Howling and barking. A real racket.
"I thought, 'Oh jeez, the dog's getting
into a porcupine,'" Tuliper said, recounting the experience Wednesday.
He heard his wife, Linda, holler out of concern
for the family dog.
Then her shouts turned to screams of fright: A
large, rabid bobcat was trying to get through the front door.
"It was snarling and it was growling and
it was clawing for all its worth," Tuliper said.
As Tuliper tells it, the bobcat - a full-grown
female that weighed more that 40 pounds - had been backed into a narrow front
entryway by the dog. Tuliper's wife, concerned for their German shepherd tied up
in the front yard, had opened the door to check.
When she did, the bobcat tried to barge in.
Linda Tuliper immediately slammed the door, but wedged the bobcat's head and
front leg between the door and frame. The cat was furiously clawing to get in.
Tuliper said he instinctively went to his gun
cabinet for a rifle, but couldn't find any ammunition. So he went back to his
bedroom, grabbed a machete that he kept near his bed and ran back to the front
door.
His wife and 13-year-old daughter were still
there, trying to shut the door on the animal, but the cat was persistent.
Tuliper lunged at it with the machete and
rained several blows down upon its head.
"I couldn't tell you how long I fought
with it," he said. "The adrenaline was going and all I could think of
was trying to protect my family."
Tuliper's daughter grabbed a pistol and gave it
to her father, who continued to struggle with the bobcat. After striking the
animal in the head several times, Tuliper said, he thought it was dead.
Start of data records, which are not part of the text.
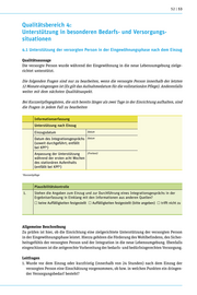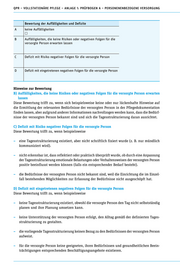 QPR – VOLLSTATIONÄRE PFLEGE – ANLAGE 1: PRÜFBOGEN A – PERSONENENBEZOGENE VERSORGUNG 2. Bei Langzeitpflege: Leistete die Einrichtung in den ersten Wochen nach dem Einzug zielgerichtete Unterstützung? 3. Bei Kurzzeitpflege: Leistete die Einrichtung in den ersten Tagen nach der Aufnahme zielgerichtete Unterstützung? Bewertung der Auffälligkeiten und Defizite A keine Auffälligkeiten B Auffälligkeiten, die keine Risiken oder negativen Folgen für die versorgte Person erwarten lassen C Defizit mit Risiko negativer Folgen für die versorgte Person D Defizit mit eingetretenen negativen Folgen für die versorgte Person Hinweise zur Bewertung B) Auffälligkeiten, die keine Risiken oder negativen Folgen für die versorgte Person erwarten lassen Diese Bewertung trifft zu, wenn die Dokumentation des Verlaufs der Eingewöhnungsphase und der geleisteten Hilfen lückenhaft ist, eine bedarfsgerechte Unterstützung der versorgten Person aber dennoch nachvollziehbar geleistet wurde. C) Defizit mit Risiko negativer Folgen für die versorgte Person Diese Bewertung trifft zu, wenn beispielsweise – Informationen zu einem Versorgungsbedarf, der sofortige Reaktionen erforderlich macht, nicht spätestens innerhalb von 24 Stunden nach dem Einzug erfasst wurden (z. B. Medikation, Verhaltensweisen mit Selbst- oder Fremdgefährdungspotenzial, problematischer Hautzu- stand). – ein Integrationsgespräch zwar stattfand, die Ergebnisse aber nicht verschriftlicht wurden. – die Maßnahmenplanung die Unterstützung des Einlebens nicht berücksichtigte. D) Defizit mit eingetretenen negativen Folgen für die versorgte Person Diese Bewertung trifft zu, wenn beispielsweise – nicht erkennbar ist, dass eine zielgerichtete Unterstützung zum Einleben überhaupt umgesetzt wurde. – die Unterstützung zum Einleben sich auf das Integrationsgespräch beschränkte, wenngleich ein weitergehender Unterstützungsbedarf gegeben war.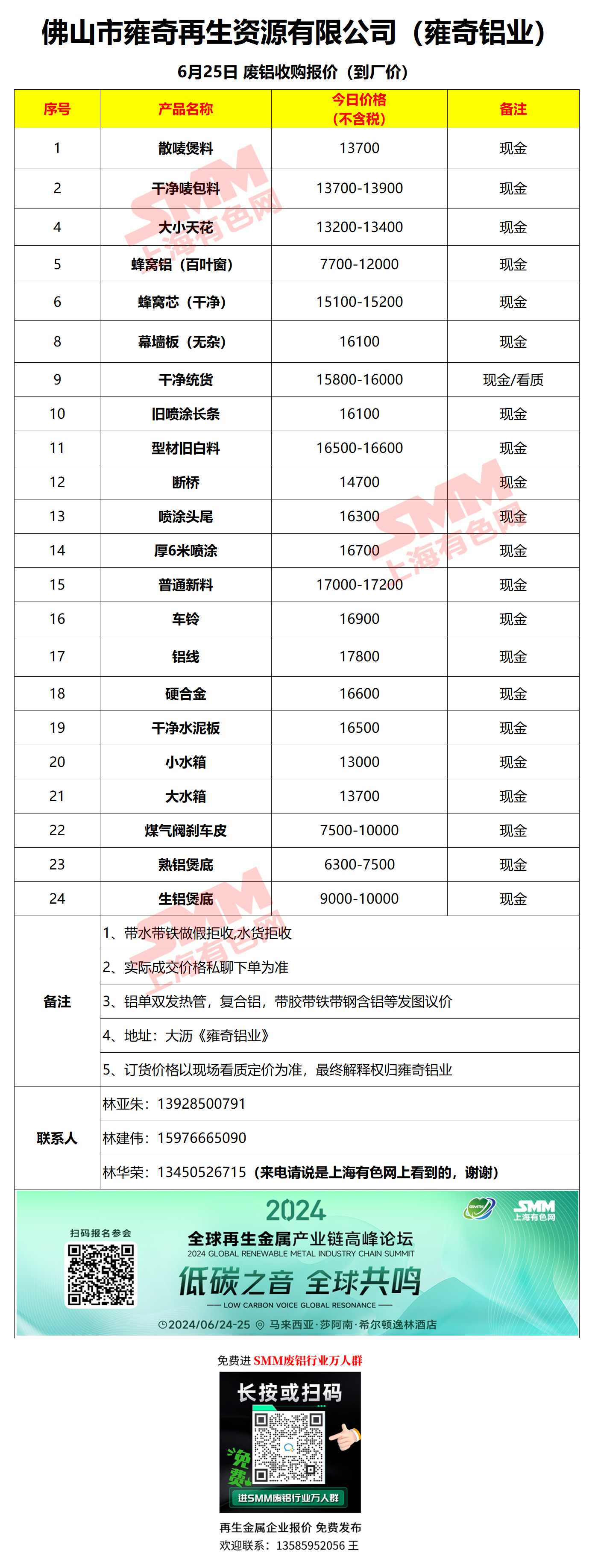6月25日佛山雍奇 废铝采购报价
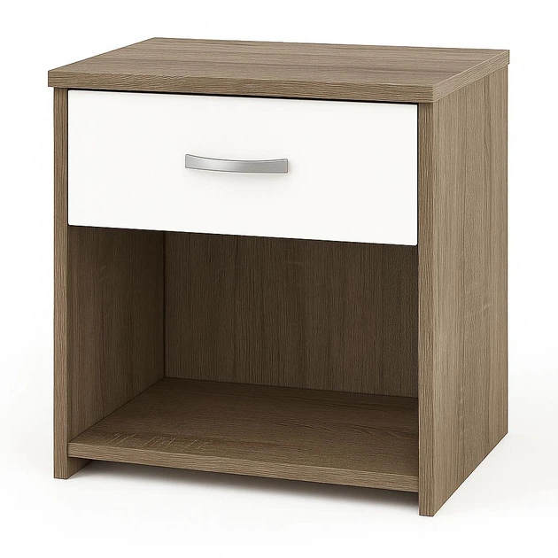 Приліжкова тумба №4 «Дуб сонома трюфель + Біла» (ДСП) 500 400 350 мм (з висувною скринькою та нішою)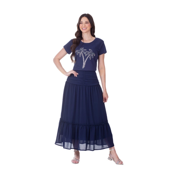 Saia Kelly Em Tecido Plano Azul Marinho Hapuk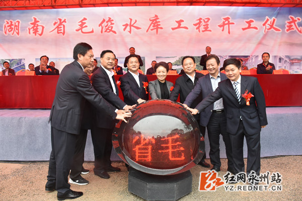 出席湖南省毛俊水库开工仪式的领导共同触摸启动球。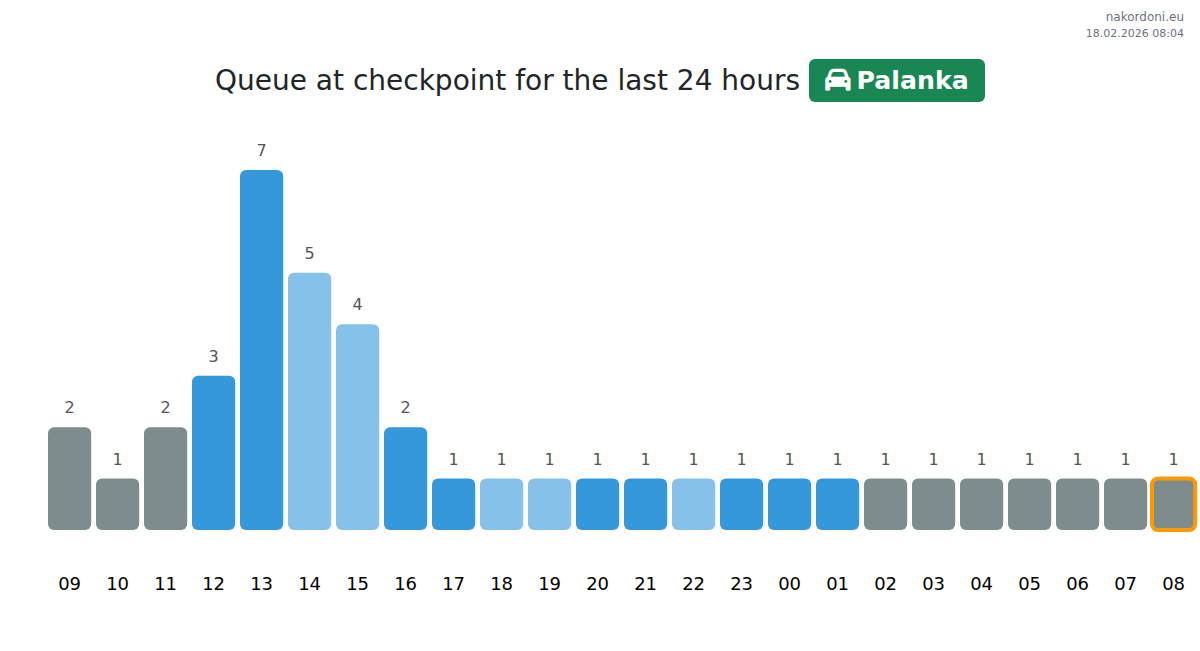 Plan your trips in advance using up-to-date border queue information at the Palanka - passenger car checkpoint to make your crossing fast and convenient. Pay special attention to these hours to avoid peak times and reduce waiting times.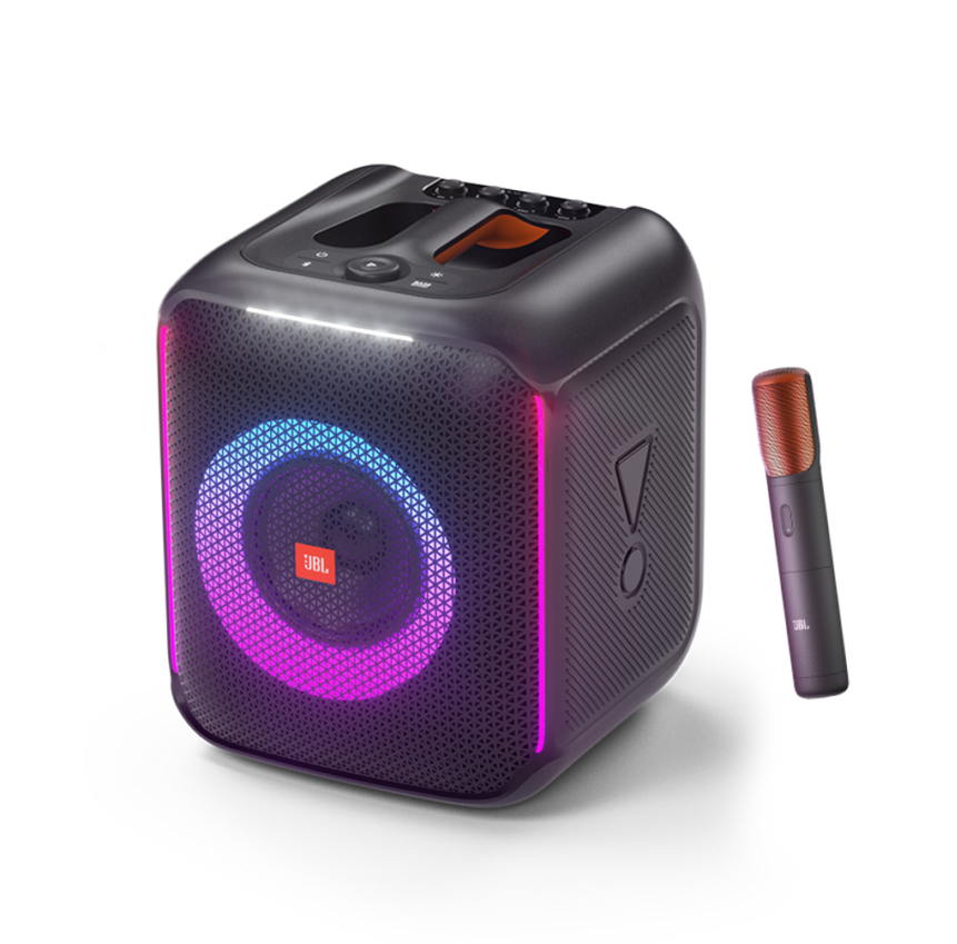 The portable JBL PartyBox Encore speaker gives you 10 hours of non-stop fun. With the easy grab-and-go handle and splash proof design, you can always take the party with you. Get the beat pumping with amazing JBL Original Pro Sound and deep bass. Sync the lightshow’s rockin’ strobes, ring and club lights for an awesomely immersive experience or sing along with the JBL premium digital wireless mic, optimized for karaoke with adjustable echo, bass, and treble. True Wireless Stereo means you can even pair speakers for truly massive sound. And with the PartyBox app, you can always control your music and your lightshow colors for the perfect vibe.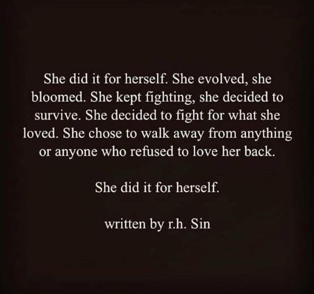 I stopped asking anyone for advice, I threw away my television, I stopped drinking, I stopped medicating myself with pills, I stopped crying the blues to anyone who would listen and faced all my problems by myself and now I wake up everyday and tell myself this is my life and I am the only one who has to live it and the only one who can change it. I turned all my hurt and all my pain and all my suffering into love for myself and I love myself for the first time in my life.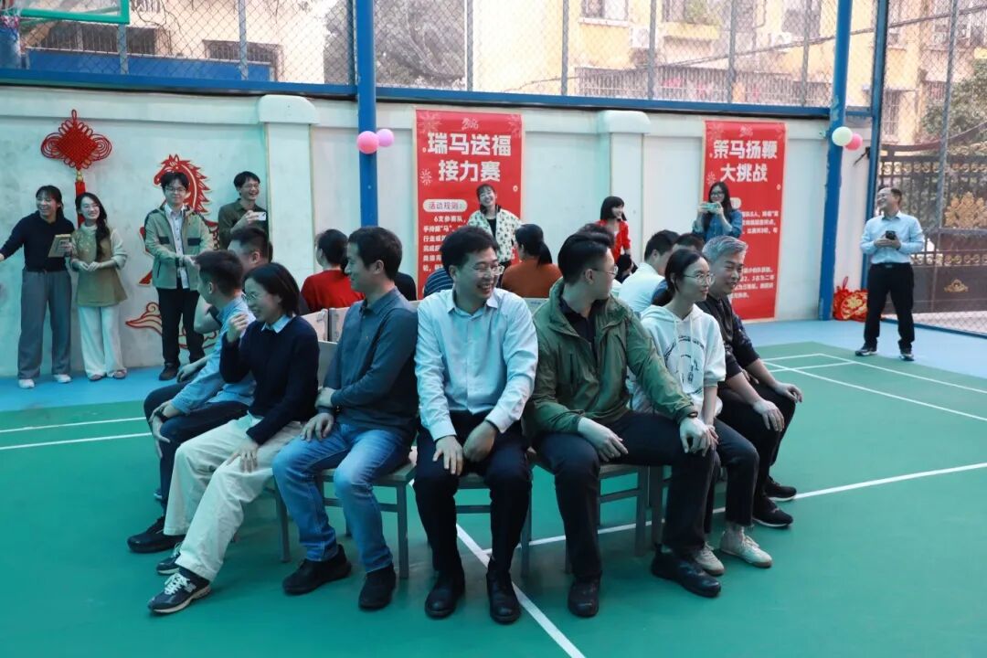 随后,活动进入趣味盎然、协作共赢的团建环节。本环节精心设计了四个寓意吉祥、形式活泼的团队竞赛项目:“策马扬鞭”大挑战、“瑞马送福”接力赛、“一马当先”抢凳子、“策马奔腾”袋鼠跳,充分展现了中心干部职工团结协作、活力四射的精神面貌,进一步熔炼了团队精神。团建集体活动结束后,现场设立了两个主题游园摊位:“马到成功”套福圈、“一马平川”滚滚乐,大家进入轻松愉快的自由游园环节。

But it
continued to flail at him with its claws.
Tuliper fired from point blank range three
times, but missed on each shot.
"I thought I was close enough to hit
it," he said.
So he took careful aim and fired again. That
time, he said, the bobcat stopped moving. It was dead.
Tuliper called 911 and reached the Vermont
State Police.
A dispatcher there told him that a Vermont
Department of Fish and Wildlife warden would be there in the morning to examine
the corpse.
Warden Donald Isabelle, who handled the case,
said Wednesday the animal was rabid. Although bobcats are common where the
family lived in Florence, he said, it is rare to have a report of one with
rabies.
"I'm not sure if this is the first case in
Vermont or not, but it is not common," he said.
And, he said, he has never heard of one
entering a house.
"It was probably trying to get away from
the dog that was tethered in the yard," he said. "When they opened the
door, it probably saw a chance to escape."
Fortunately, Tuliper said, the animal didn't
hurt anyone. Even Max, the dog, escaped relatively unscathed with only scratches
and a bite on his ear.
But Tuliper said it could have been worse.
"If that thing had gotten into the house,
it probably would have killed us," he said.